S&P 500 Futures, yields retreat from monthly tops as Fed hawks resist cheering softer inflation

S&P 500 Futures, yields retreat from monthly tops as Fed hawks resist cheering softer inflation

  • Market sentiment remains divided amid a light calendar, mixed clues.
  • S&P 500 Futures extend pullback from three-month high, yields snap three-day uptrend at 12-day peak.
  • Softer PPI, CPI fail to reject Fed hawks, China headlines, recession also test optimism.

After an upbeat mid-week, global markets remain sluggish as they await the final dossier of the key data during Friday’s Asian session. Also keeping the traders on their toes are the mixed feelings surrounding inflation and growth, not to forget fears of geopolitical and trade tussles.

While portraying the mood, Wall Street began Thursday on a positive side before closing mixed while the US 10-year Treasury yields rallied 10 basis points (bps) to 2.88% at the latest. It’s worth noting that the S&P 500 Futures remains indecisive around 4,215 and the US Treasury yields remain firmer by the press time.

Starting with the inflation, US Producer Price Index (PPI) for July tracked the headline Consumer Price Index (CPI) while easing to 9.8% YoY versus 11.3% prior and 10.4% market forecasts, the data published by the US Bureau of Labor Statistics revealed on Thursday. That said, the monthly PPI dropped to the lowest levels since May 2020, to -0.5% compared to 1.0% expected and 0.2% prior, which in turn signaled more easing of inflation fears.

In addition to the receding inflation woes, the softer prints of the US Weekly Jobless Claims also portrayed improvement in the employment scenario, tracking the recent job numbers from the world’s largest economy, which in turn helped to build the risk-on mood. That said, US Initial Jobless Claims eased to 262K for the week ending August 6 versus 263K expected and downwardly revised 248K prior.
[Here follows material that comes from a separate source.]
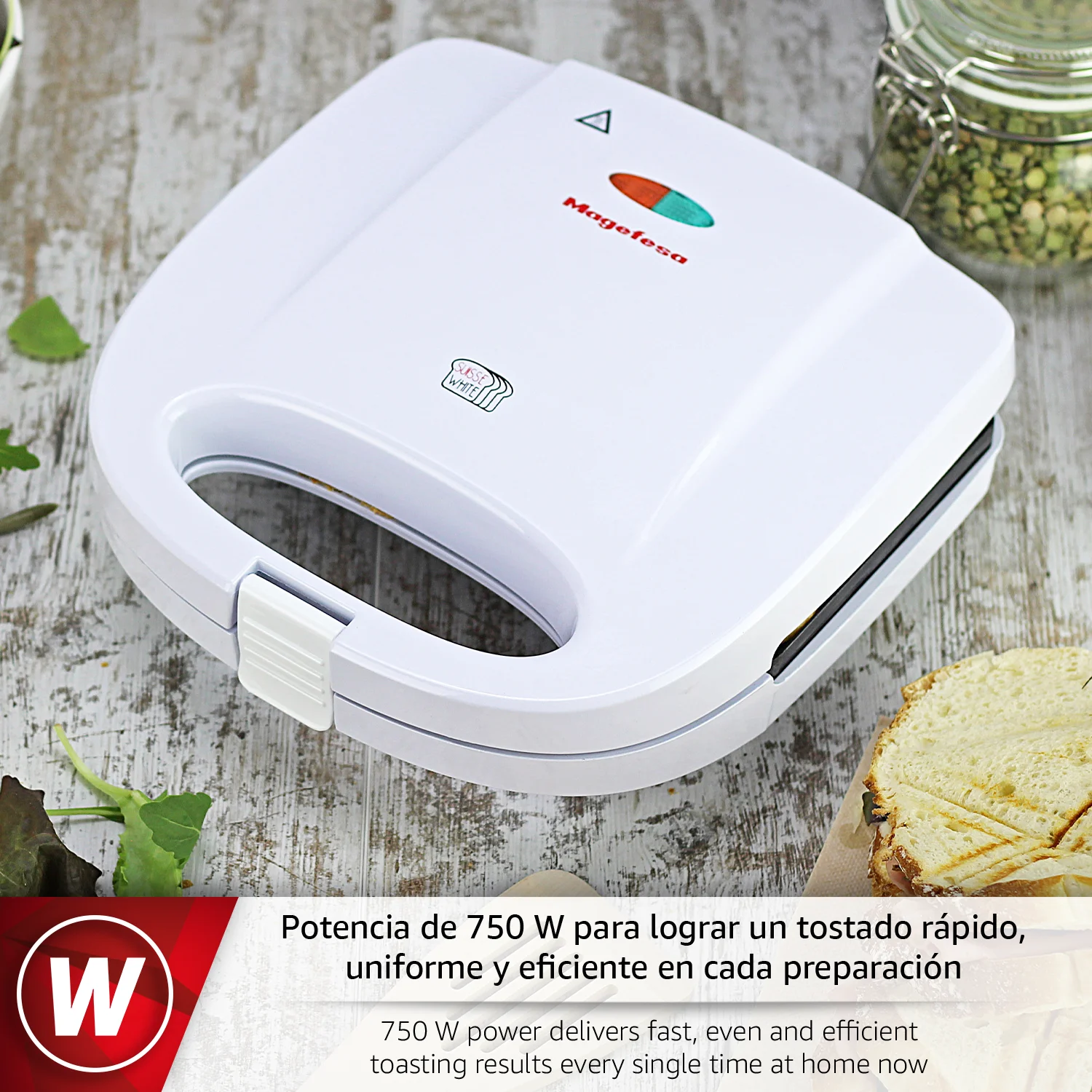 TOSTADO RÁPIDO: Disfruta de sándwiches perfectos en minutos con 750 W de potencia. La MAGEFESA SUISSE WHITE sandwichera blanca asegura un tostado uniforme y un calentamiento eficiente, ideal para tus desayunos o comidas rápidas sin esperar.

Even so, President and Chief Executive Officer of the Federal Reserve Bank of San Francisco Mary Daly mentioned that she is open to a 75bps rate hike in September. Previously, Minneapolis Fed President Neel Kashkari and Chicago Fed President Charles Evans sounded grim. That said, Fed’s Kashkari mentioned that he hasn’t “seen anything that changes” the need to raise the Fed’s policy rate to 3.9% by year-end and to 4.4% by the end of 2023. Further, Fed policymaker Evens stated, “The economy is almost surely a little more fragile, but would take something adverse to trigger a recession.” Fed’s Evans also called inflation “unacceptably” high.

On a different page, US President Joe Biden’s pause in announcing tariff relaxations to China, actually the removal of the Trump-era tariffs, gain major attention and renew the Sino-US tussles to weigh on the market sentiment. Additionally, Additionally, a jump in the coronavirus cases from China, to 700 new confirmed cases in the mainland on August 10 versus 444 a day earlier, also roil the sentiment. Furthermore, Taiwan’s criticism of the “One China” policy and US House Speaker Nancy Pelosi’s support for Taipei also challenged the market optimism.

It should be noted that the cautious mood ahead of the preliminary readings of the UK’s second quarter (Q2) Gross Domestic Product (GDP) and the US Michigan Consumer Sentiment Index (CSI) for August also challenge the market’s optimism.

To sum up, recently softer US inflation data fail to keep the markets happy for long, which in turn highlights today’s scheduled statistics for fresh impulse.